Des organoïdes pour étudier les troubles du développement cérébral
« C’est très intriguant et très étonnant » déclare Hongjun Song, neuroscientifique du développement à l’Université de Pennsylvanie. Bien que le travail soit préliminaire, ajoute-t-il, les similitudes avec les schémas EEG du nouveau-né prématuré suggèrent que les organoïdes pourraient éventuellement être utiles pour l’étude des troubles du développement du cerveau, tels que l’épilepsie ou l’autisme.
Song pense également qu’étudier l’origine des schémas EEG dans un organoïde pourrait aider les chercheurs à comprendre comment les rythmes EEG apparaissent dans un cerveau humain en développement. Mais toute la communauté scientifique ne se range pas au constat fait par les auteurs de l’étude.
Le fait que les ondes cérébrales des organoïdes ressemblent à celles des bébés prématurés ne signifie pas qu’ils font la même chose, déclare Sampsa Vanhatalo, neurophysiologiste à l’Université d’Helsinki, qui a développé la base de données d’EEG pour nourrissons à laquelle Muotri a comparé les mesures des organoïdes.

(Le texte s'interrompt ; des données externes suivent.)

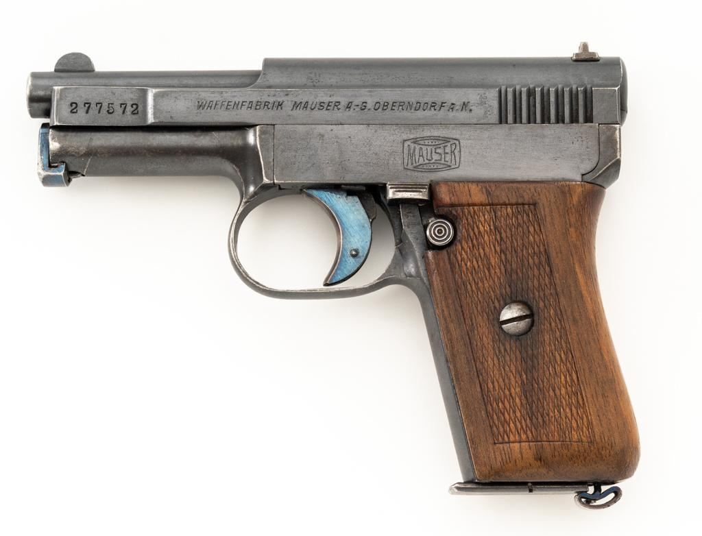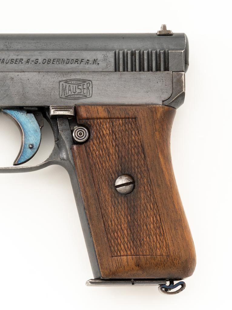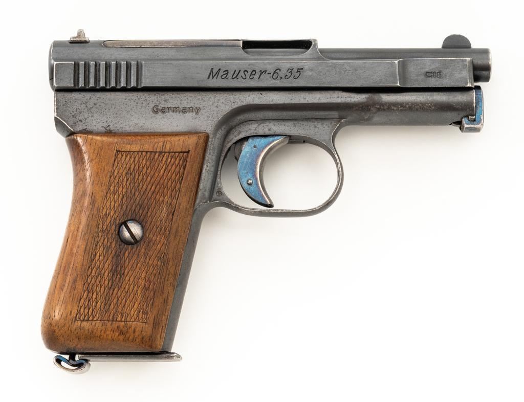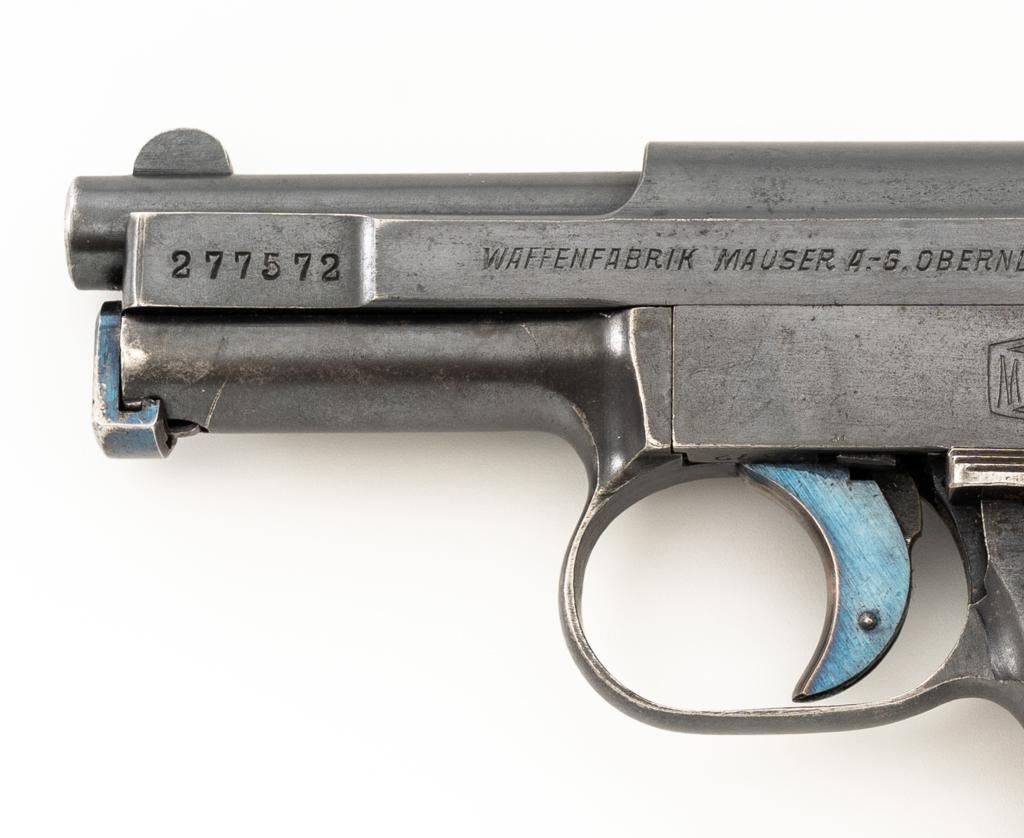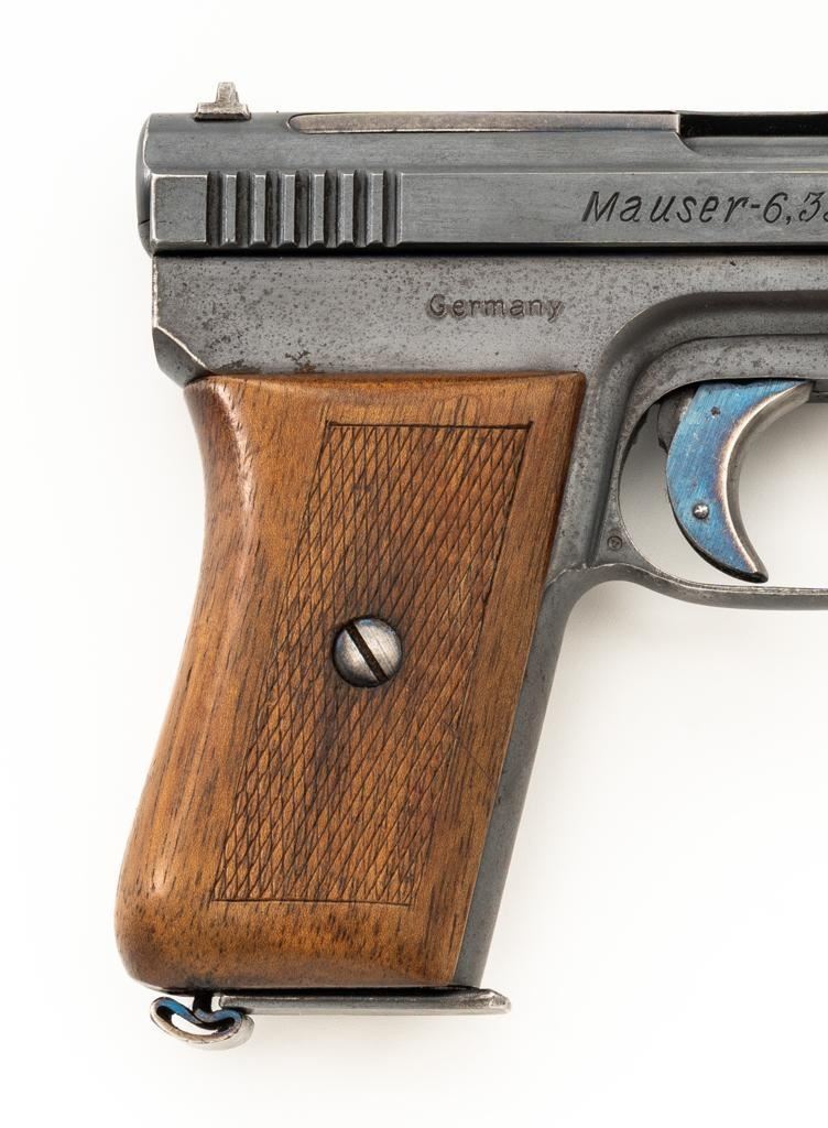 Mauser Model 1910 Semi-Automatic Pistol, #277572, .25 ACP cal., 3.1'' barrel, blued finish, checkered hardwood one-piece grip, blade front sight and fixed rear sight with ''V''-notch. Includes on unmarked magazine with bright steel body and blued floor plate. Pistol is marked ''WAFFENFABRIK MAUSER A.-G.OBERNDORF A.N.'' on left side of the slide and ''Mauser-6,35'' with a ''(Crown)U'' proof stamp on the right side. There is a Mauser logo on left side of the frame. Right side of the frame is marked ''GERMANY''. Condition overall is very good, retaining approx. 85% blue, showing brown toning with patina spots and frosting to the right side of the frame. Grip with an even color and a couple of handling marks, mainly to the back and right side. Action operates smoothly. Bore is bright with well-defined rifling. Magazine shows moderate age and wear, with some patina to the body. Est.: $300-$500. (C&R/PPT)

Et prouver qu’il en va de même sera difficile, car les chercheurs en savent très peu sur la façon dont le cerveau des bébés est câblé, explique Arnold Kriegstein, neurologue à l’Université de Californie. Les organoïdes pourraient manquer de composants clés qui alimentent les modèles EEG dans de vrais cerveaux, ajoute-t-il.
Le problème de la conscience
Néanmoins, le projet soulève des questions éthiques sur le point de savoir si les organoïdes pourraient développer une conscience, explique le neuroscientifique Christof Koch, président et responsable scientifique en chef de l’Allen Institute for Brain Science à Seattle (Washington). Mais il reconnaît qu’il pourrait être difficile de savoir quand un organoïde est conscient, car les chercheurs ne sont même pas d’accord sur la façon de mesurer la conscience chez l’adulte, ou encore sur le fait de déterminer à quel stade développement elle apparaît chez le nourrisson.
Muotri dit qu’il envisagerait d’arrêter le projet s’il était prouvé que les organoïdes étaient devenus conscients, mais ils sont pour le moment très primitifs. « C’est une zone très grise à ce stade, et je ne pense pas que quiconque ait une vision claire du potentiel de tout cela » conclut-il.